Hi,
I write my own stacking software to process much dirtier source material from cheapo CCD based cameras. I have had good results using a "brightest pixel" stacking method and applying a single ( or averaged ) DFS reference frames to remove dead / stuck pixels. This method works well because you can stack hundreds of shorter exposures - each with vastly less noise - and get continuous star trails. SLRs, and other cameras with short shot to shot cycle times are much better candidates because the gap between frames is very short, and you can get a > 99.6% duty cycle using 30 second exposures, rather than the 50% duty cycle of in-camera DFS. So the very short gaps between shots where the trails dovetail is not noticeable, and the trails appear continuous in the stacked image.

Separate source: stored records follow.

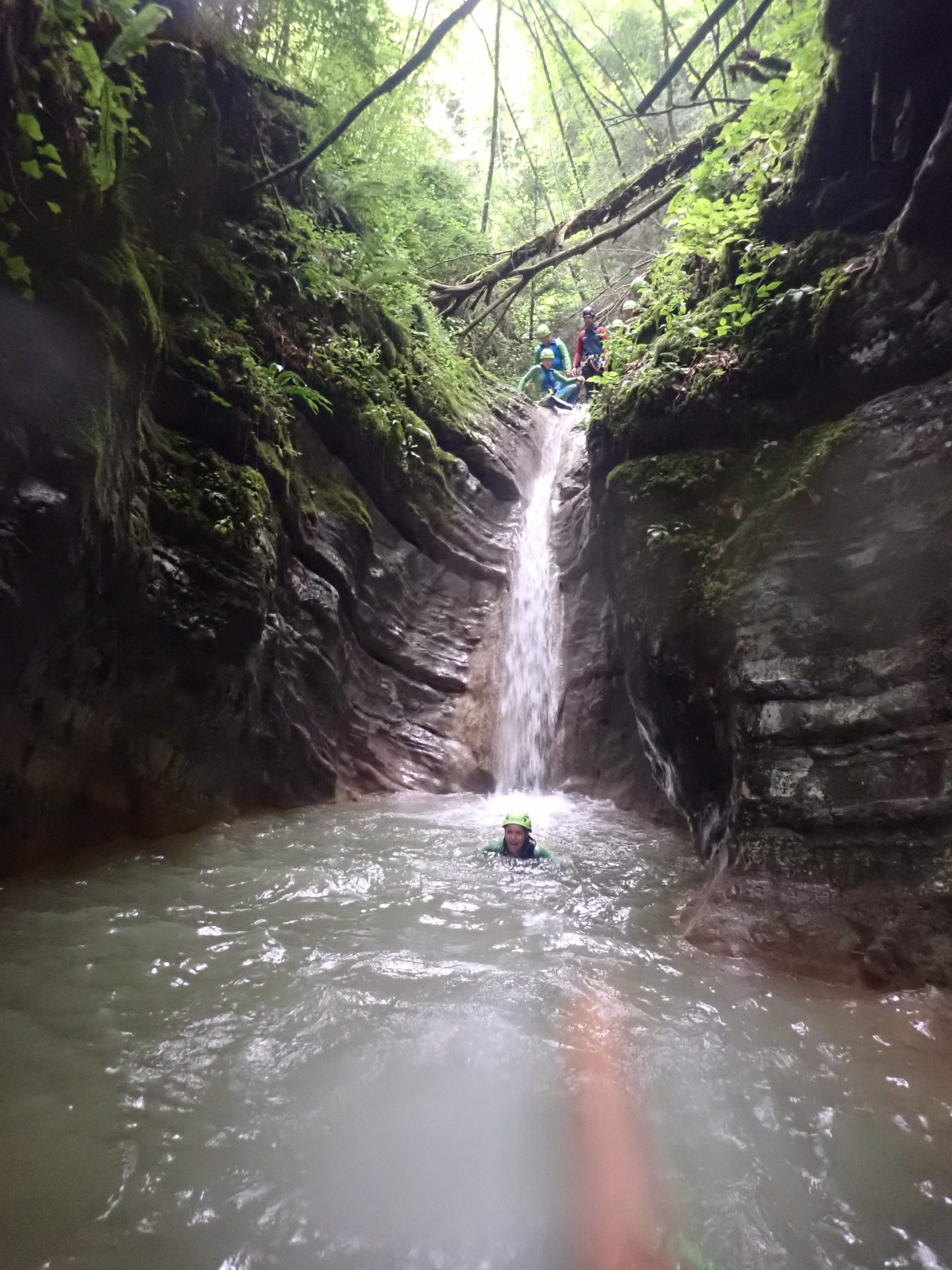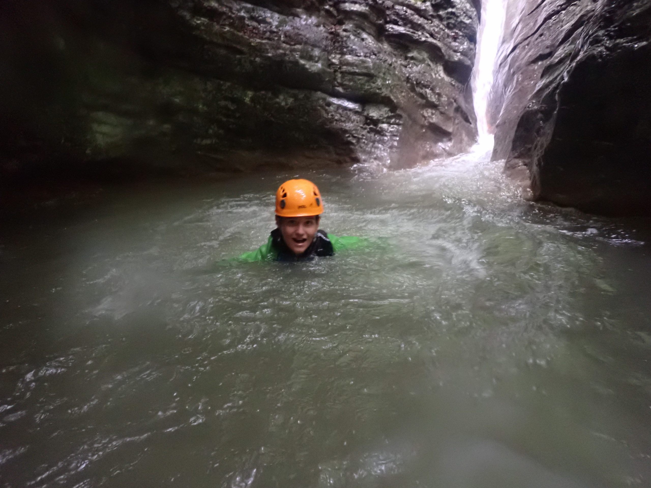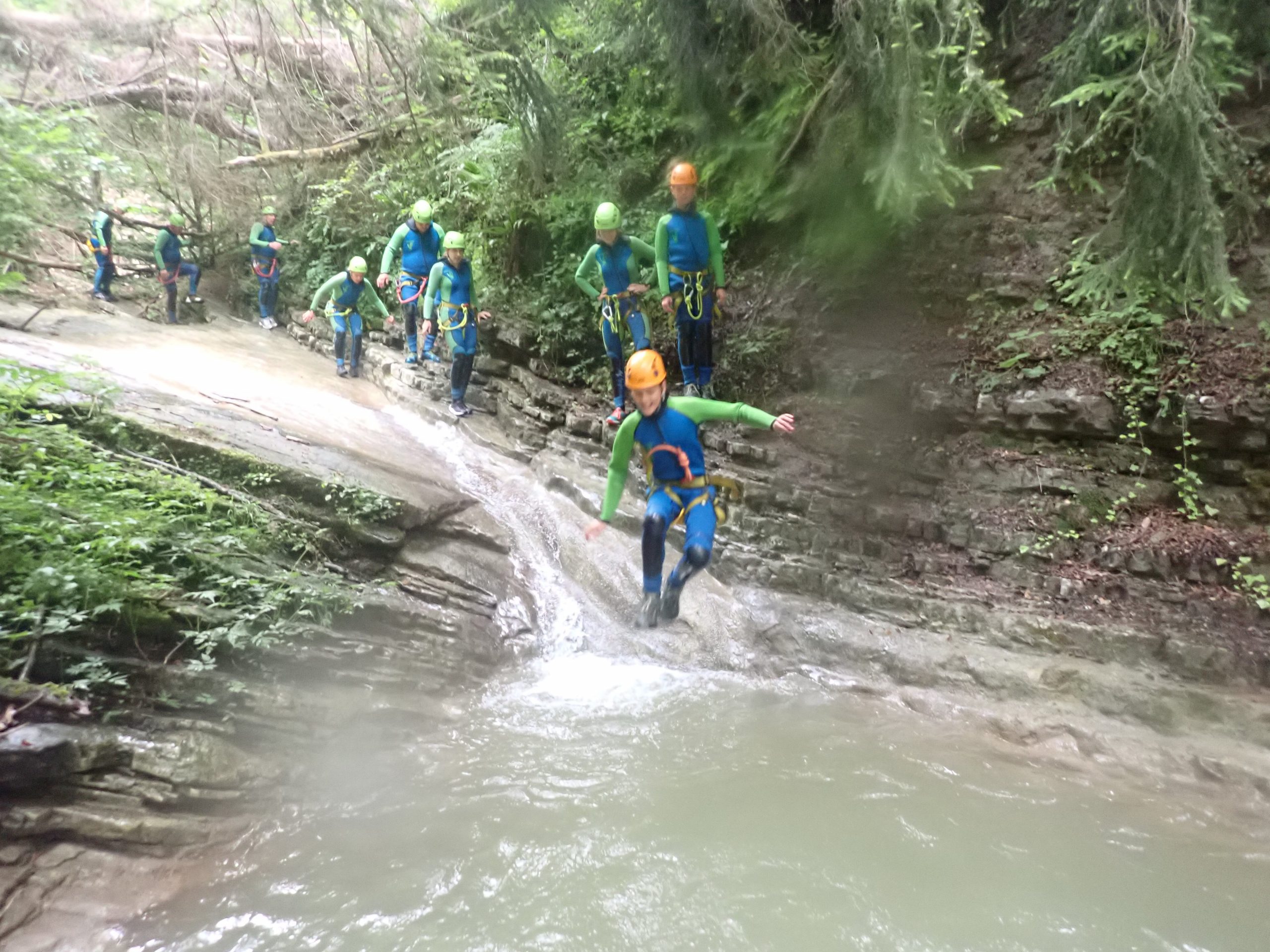 Der finale Rutscher auf unserer schönen Tour .... hier werden wir alle noch einmal richtig schnell und rauschen mit einem letzten dicken Platscher in die grosse und tiefe Gumpe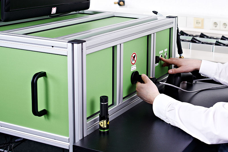 Alle Infrarotlaser werden in einer 100% Prüfung geprüft und sind Laserklasse 1 zertifiziert, d.h. die zugängliche Laserstrahlung ist absolut ungefährlich – für Mensch und Tier.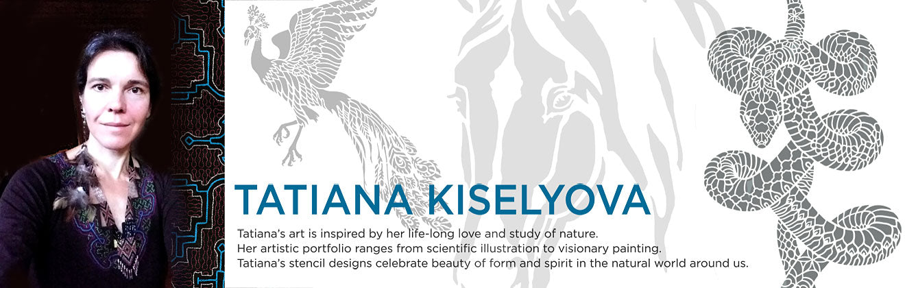 Cutting Edge Stencils has collaborated with amazingly talented artist Tatyana Kiselyova for this unique stencil line. Tatyana's art is inspired by her life-long study of nature. Her artistic portfolio ranges from scientific illustration to visionalry painting. Tatyana's stencil designs celebrate the beauty of form and spirit in the natural world around us.

The only other "secret" to doing DFS in post processing is to use continuous shooting, and let the camera shoot for about 20 minutes prior to your actual shoot. This lets the sensor get up to temperature. Then you run a series of dark frames ( pop on lens cap ). Then your main series. Then more dark frames at the end. Since the sensor will have achieved a steady state temperature - the dark frames will properly correct the exposures in your series.
Do not underestimate the importance of letting the sensor get to a steady state temperature. This is a test run I did against a consumer P&S which shows almost 2 stop increase in noise as the camera heats up. If your dark frames were sampled when cold, they would under correct - severely.
http://www.vimeo.com/817772 So if you sample the dark frame after it warms up, it will provide better correction. Having the DFS reference frame shot when the sensor is a different temperature is one of the reasons people are unhappy with DFS done in post processing.